• [Given records]:
=======

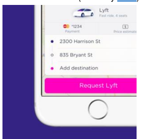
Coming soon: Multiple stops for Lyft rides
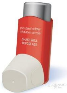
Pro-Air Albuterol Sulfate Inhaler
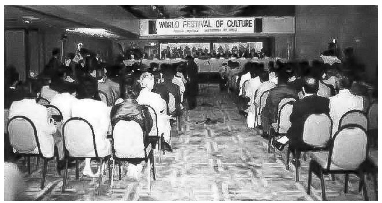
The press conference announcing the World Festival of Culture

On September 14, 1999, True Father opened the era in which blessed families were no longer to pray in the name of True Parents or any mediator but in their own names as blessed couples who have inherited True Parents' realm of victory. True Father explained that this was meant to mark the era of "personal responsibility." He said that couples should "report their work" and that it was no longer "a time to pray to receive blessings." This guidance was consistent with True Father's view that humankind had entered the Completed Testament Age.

=======

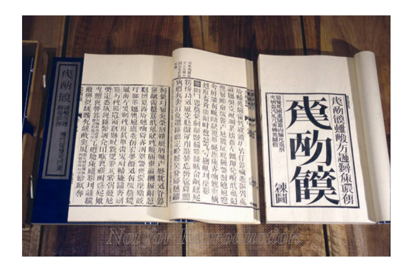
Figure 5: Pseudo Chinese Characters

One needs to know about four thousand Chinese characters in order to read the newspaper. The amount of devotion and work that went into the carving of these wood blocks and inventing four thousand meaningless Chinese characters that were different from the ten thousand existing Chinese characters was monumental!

=======

• [Activity]: Which part of the entries opens with the line containing "Pro-Air Albuterol Sulfate Inhaler" and closes with the line containing "On September 14, 1999, True"? Output that part exactly, ends included, pictures excluded.

• [Written answer]:
Pro-Air Albuterol Sulfate Inhaler
The press conference announcing the World Festival of Culture

On September 14, 1999, True Father opened the era in which blessed families were no longer to pray in the name of True Parents or any mediator but in their own names as blessed couples who have inherited True Parents' realm of victory. True Father explained that this was meant to mark the era of "personal responsibility." He said that couples should "report their work" and that it was no longer "a time to pray to receive blessings." This guidance was consistent with True Father's view that humankind had entered the Completed Testament Age.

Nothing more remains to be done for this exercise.